Он прислонился к колонне. Я молчала, внимательно глядя на него.

Ну и что? – выдавила я наконец из себя. – Теперь мы можем спать спокойно? Мы – вся Европа? Весь мир?

На минуту наступила тишина – словно мы вовсе перестали дышать. Потом солдат оглянулся и зашептал, понизив голос:

– Но генерал Уотсон успел еще кое-что сделать. Он снял начальника тюрьмы, той самой, где содержатся подсудимые. За железными стенками, в одиночных камерах, день и ночь под наблюдением, – казалось, их хорошо стерегут. И знаете что?

Он щелкнул пальцами и рассмеялся, как мальчишка.

– Начальник нюрнбергской тюрьмы, почтенный господин, работал на этой должности тридцать лет. И, разумеется, состоял в гитлеровской партии. Представьте только, он знал все установленные тут сигнальные системы, секретные механизмы, которые, если нажать на определенную кнопку, раздвигают одни решетки и перекрывают другие. Это могло быть большим сюрпризом для людей, находящихся во вверенном начальнику здании. Он знал потайные ходы, запасные коридоры. Эта гитлеровская тюрьма просто игрушка! Ко генерал Уотсон, как только приехал, вырвал игрушку из рук эсэсовца. Хотя это кое-кому не понравилось.

Зачем ты мне это говоришь? – снова подумала я. Зачем ты будишь во мне страх, от которого я почти отделалась?

– Этот гитлеровец, начальник тюрьмы, мог в один прекрасный день, – говорит, изумленно вскидывая брови, часовой, – решить, что Герингу, Гессу, Риббентропу, Гансу Франку и прочим убийцам пора с почестями выйти на свободу. Правда?

Я сжала зубы.

– На пустые скамьи он посадил бы совсем других. Но, знаете, генерал Уотсон мигом убрал его.

Мысленно повторяю: зачем ты мне это говоришь?

– К сожалению, генерала Уотсона вскоре отозвали в Соединенные Штаты. Он только успел перед отъездом ввести новые правила и точные предписания, касающиеся содержания заключенных.

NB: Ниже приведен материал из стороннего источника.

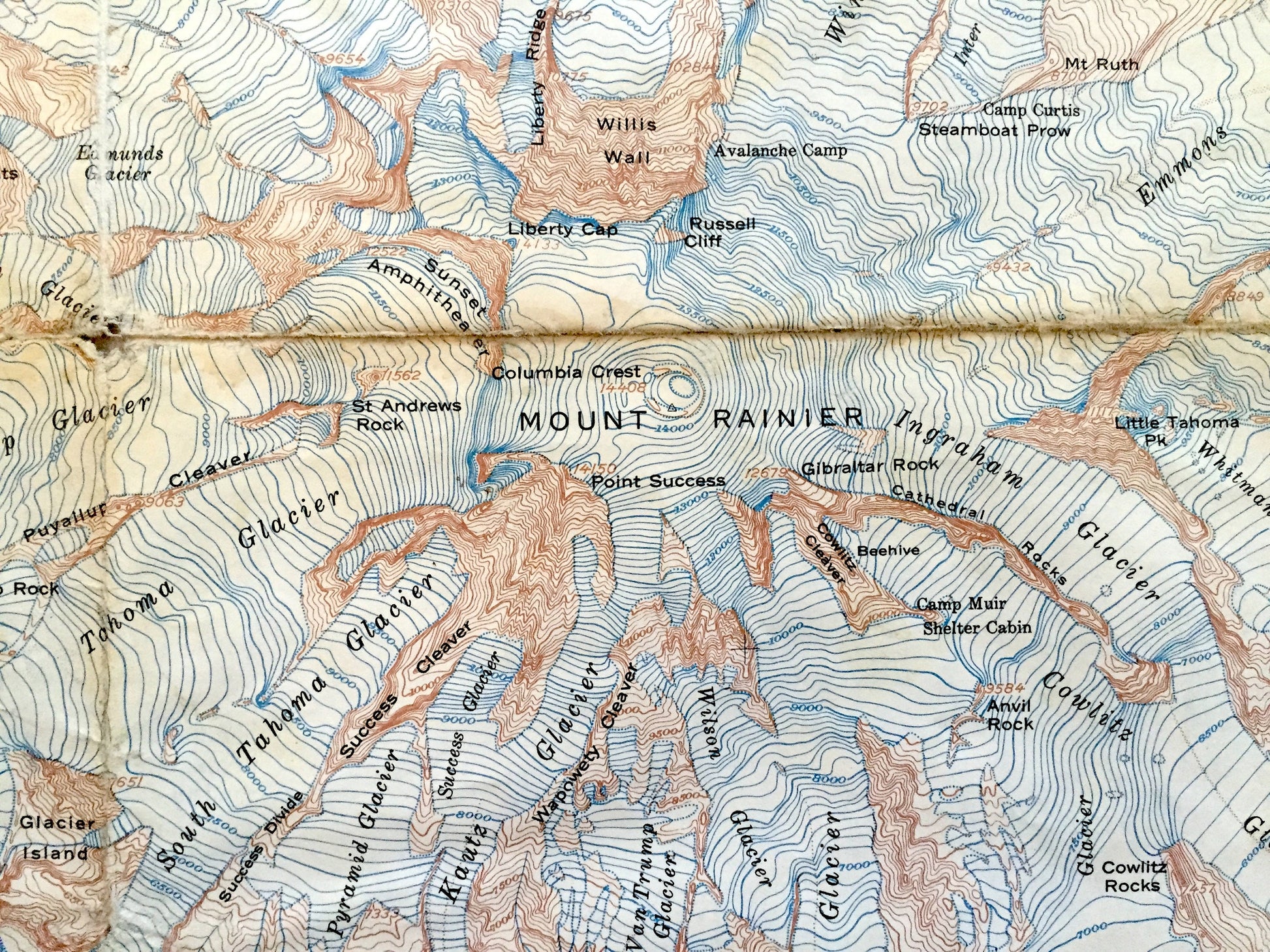 See what Washington looked like over 65 years ago. Lots of intricate details and geological contours. Map even has little squares for every house that existed at the time. The USGS cartographers were very thorough back then! On the back is a detailed description of Mt. Rainier National Park.
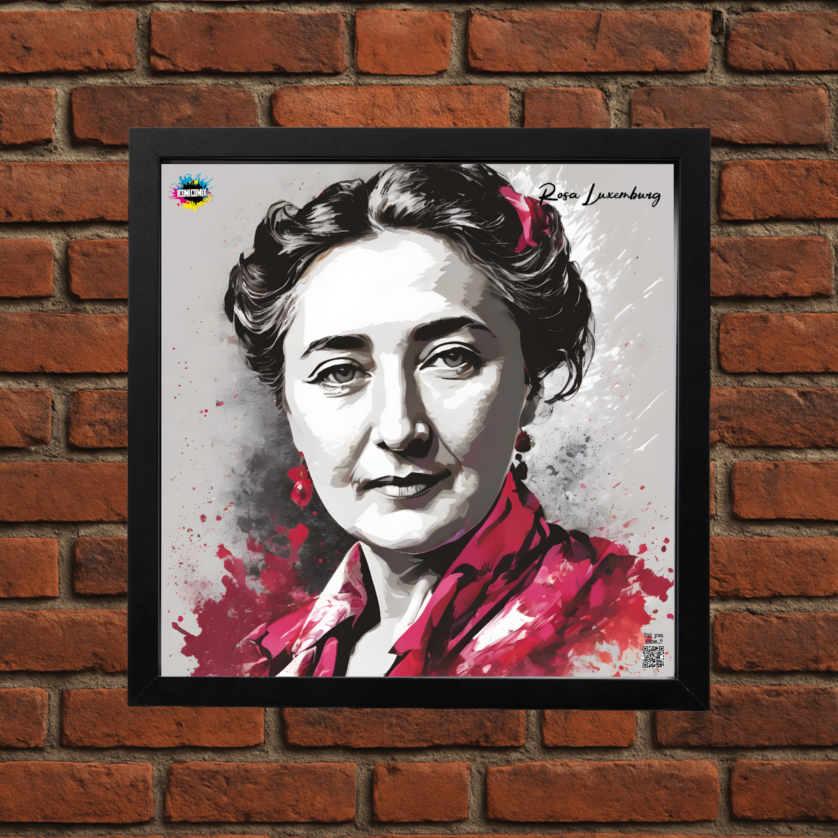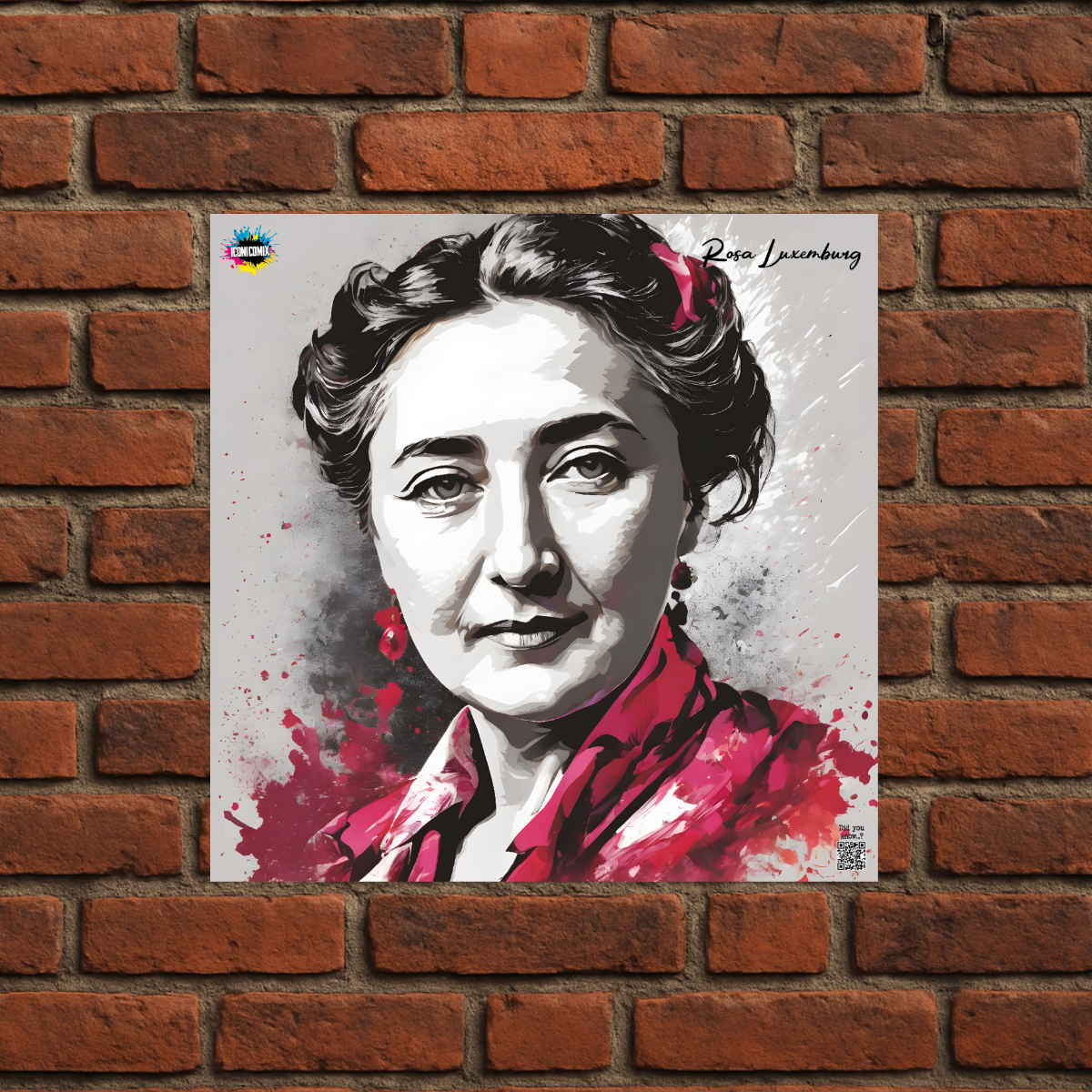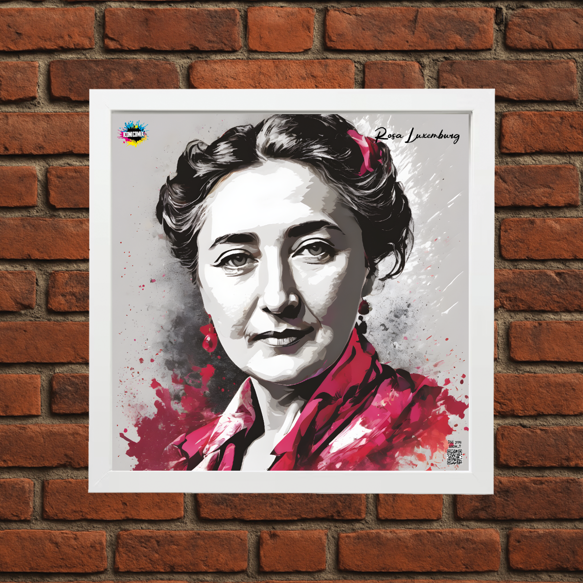 Chacun de nos visuels comporte également un code QR qui vous redirige vers le site web iconicomix.com, la page officielle de l'icône choisie. Une passerelle numérique qui vous dévoile son histoire, ses slogans et son univers.
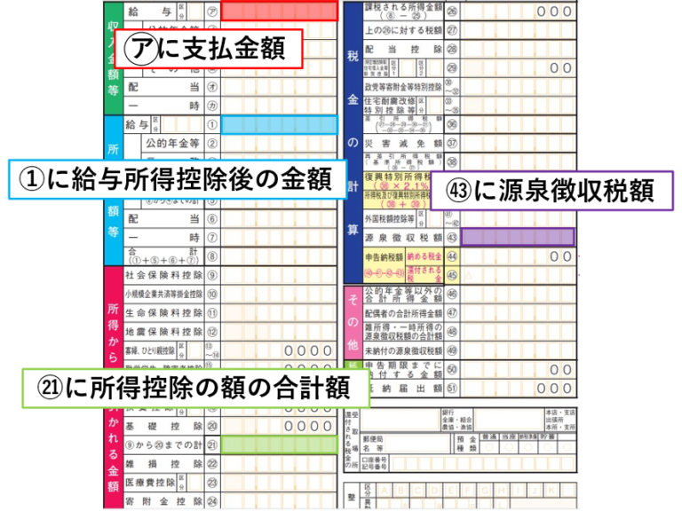 これで源泉徴収票に記載されている給与の額、控除の額、源泉徴収された額が転記されたことになります。

И добился тщательной проверки тех, кто получает пропуск в зал. Или возьмем, например, корреспондентов. Ничего не скажу, работают день и ночь. Но разве нужен им этот процесс? Они и без него знают, что написать. Вот вчера вечером я видел у одного на столе уже отпечатанный на машинке материал. Да и название интересное: «Польский день в Нюрнберге».

Я громко рассмеялась. В комнате для свидетелей смех мой отскочил от стен странным эхом. Раздался какой-то ненужный шум.

– Это журналист из Вены? – спросила я, почти не сомневаясь. – Тот, от которого за версту несет лавандой?

– Точно! Именно он. Понятно, хочет всех обогнать. Сразу после ваших показаний добавит парочку фраз или, наоборот, что-нибудь выкинет и тут же передаст свой репортаж в газеты.

Зачем ты говоришь это мне? – думаю я. Ты лишаешь меня остатков веры в то, что мои показания имеют хоть какой-то смысл.

– Они тут устроили для себя конкурс. Скачки к телефону.

Я не могу с ним спорить. Мне нужно удерживать в памяти события и наблюдения, о которых я расскажу как свидетель. И вдруг я нарушаю свой собственный запрет.

– В Нюрнберге впервые употребили юридический термин «геноцид». Вы еще убедитесь: ни один король, ни один маршал, премьер, президент не станет рисковать своей шкурой. Кому охота сесть на скамью подсудимых по обвинению в геноциде? – объявляю я.

Молодой канадец покачал головой.

– Если бы вы оказались правы. Мне бы так не хотелось получить еще раз повестку.

ГЛАВА ДЕВЯТНАДЦАТАЯ

Наконец-то! Сейчас я буду давать показания перед Международным военным трибуналом в Нюрнберге.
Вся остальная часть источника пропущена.